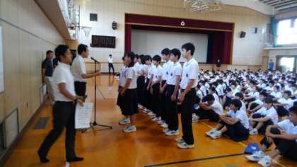 夏休み中の大会にて、吹奏楽部、柔道部、卓球部、水泳部、剣道同好会のメンバーが表彰されました。(その1)詳細はHP内の記事にてごらんいただけます。
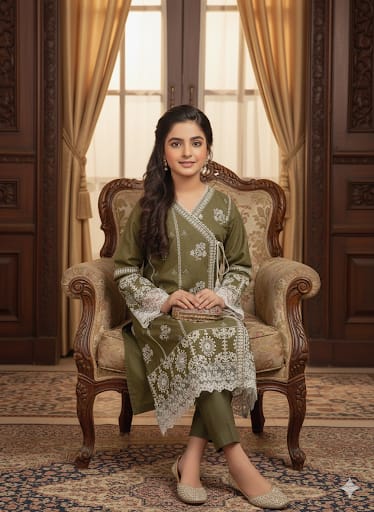 This elegant olive green two-piece cotton suit for girls is designed to bring comfort and style together. Made from premium quality breathable cotton, this outfit is perfect for everyday wear, casual gatherings, and festive occasions.
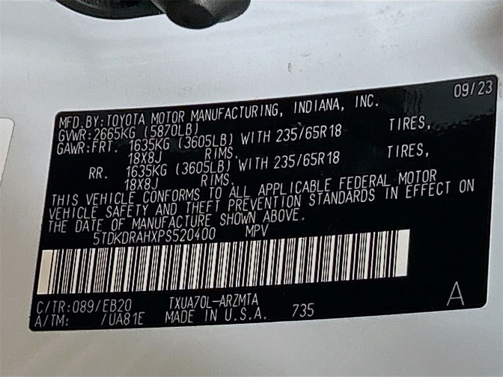 18" Painted Alloy Wheels, 3.329 Axle Ratio, 3rd row seats: split-bench, 4-Wheel Disc Brakes, 6 Speakers, ABS brakes, Air Conditioning, Alloy wheels, AM/FM radio: SiriusXM, Apple CarPlay/Android Auto, Auto High-beam Headlights, Automatic temperature control, Brake assist, Bumpers: body-color, Delay-off headlights, Driver door bin, Driver vanity mirror, Dual front impact airbags, Dual front side impact airbags, Electronic Stability Control, Emergency communication system: Safety Connect (up to 10-year trial subscription), Engine Immobilizer, Exterior Parking Camera Rear, Fabric Seat Trim, Four wheel independent suspension, Front anti-roll bar, Front Bucket Seats, Front Center Armrest, Front dual zone A/C, Front reading lights, Fully automatic headlights, Heated door mirrors, Illuminated entry, Knee airbag, Low tire pressure warning, Occupant sensing airbag, Outside temperature display, Overhead airbag, Overhead console, Panic alarm, Passenger door bin, Passenger vanity mirror, Power door mirrors, Power driver seat, Power steering, Power windows, Radio: 8" Toyota Audio Multimedia, Rear air conditioning, Rear anti-roll bar, Rear reading lights, Rear seat center armrest, Rear window defroster, Rear window wiper, Reclining 3rd row seat, Remote keyless entry, Speed control, Speed-sensing steering, Split folding rear seat, Spoiler, Steering wheel mounted audio controls, Tachometer, Telescoping steering wheel, Tilt steering wheel, Traction control, Trip computer, Turn signal indicator mirrors, Variably intermittent wipers.
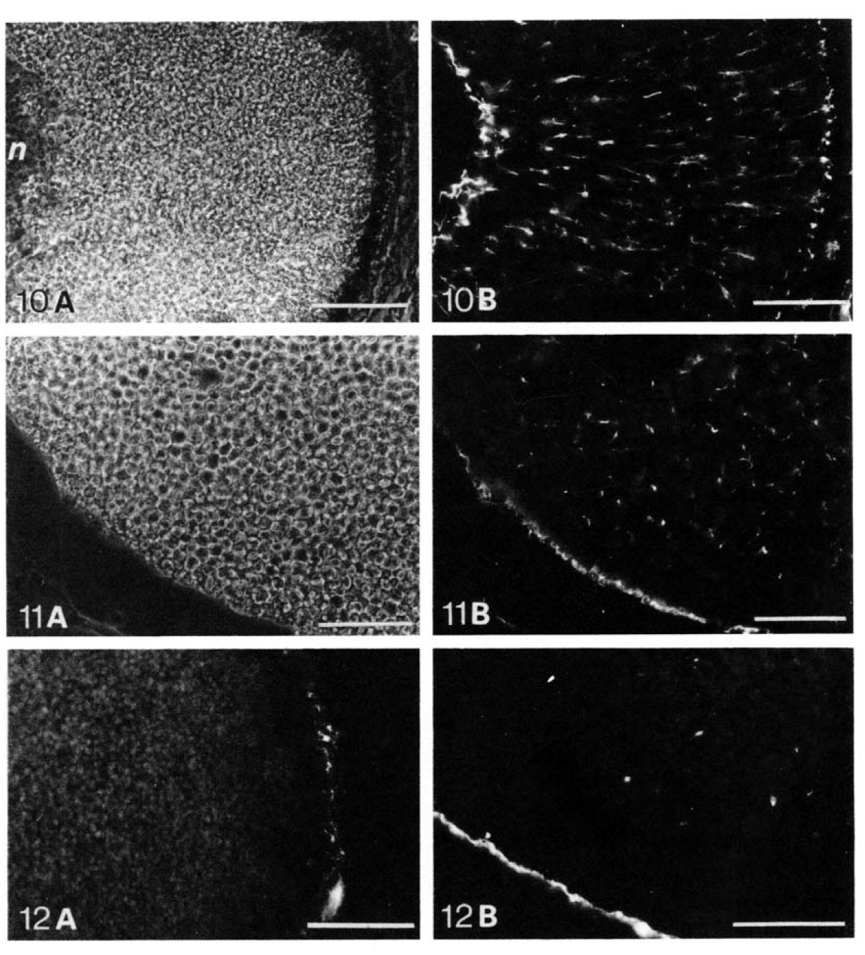 Bars = 50jian. Fig. 10. Animal hemisphere containing nucleus (n). (A) phase

**Task to carry out:**
Would you give the data above again word for word, skipping any images?

**Task result:**
 夏休み中の大会にて、吹奏楽部、柔道部、卓球部、水泳部、剣道同好会のメンバーが表彰されました。(その1)詳細はHP内の記事にてごらんいただけます。
 This elegant olive green two-piece cotton suit for girls is designed to bring comfort and style together. Made from premium quality breathable cotton, this outfit is perfect for everyday wear, casual gatherings, and festive occasions.
 18" Painted Alloy Wheels, 3.329 Axle Ratio, 3rd row seats: split-bench, 4-Wheel Disc Brakes, 6 Speakers, ABS brakes, Air Conditioning, Alloy wheels, AM/FM radio: SiriusXM, Apple CarPlay/Android Auto, Auto High-beam Headlights, Automatic temperature control, Brake assist, Bumpers: body-color, Delay-off headlights, Driver door bin, Driver vanity mirror, Dual front impact airbags, Dual front side impact airbags, Electronic Stability Control, Emergency communication system: Safety Connect (up to 10-year trial subscription), Engine Immobilizer, Exterior Parking Camera Rear, Fabric Seat Trim, Four wheel independent suspension, Front anti-roll bar, Front Bucket Seats, Front Center Armrest, Front dual zone A/C, Front reading lights, Fully automatic headlights, Heated door mirrors, Illuminated entry, Knee airbag, Low tire pressure warning, Occupant sensing airbag, Outside temperature display, Overhead airbag, Overhead console, Panic alarm, Passenger door bin, Passenger vanity mirror, Power door mirrors, Power driver seat, Power steering, Power windows, Radio: 8" Toyota Audio Multimedia, Rear air conditioning, Rear anti-roll bar, Rear reading lights, Rear seat center armrest, Rear window defroster, Rear window wiper, Reclining 3rd row seat, Remote keyless entry, Speed control, Speed-sensing steering, Split folding rear seat, Spoiler, Steering wheel mounted audio controls, Tachometer, Telescoping steering wheel, Tilt steering wheel, Traction control, Trip computer, Turn signal indicator mirrors, Variably intermittent wipers.
 Bars = 50jian. Fig. 10. Animal hemisphere containing nucleus (n). (A) phase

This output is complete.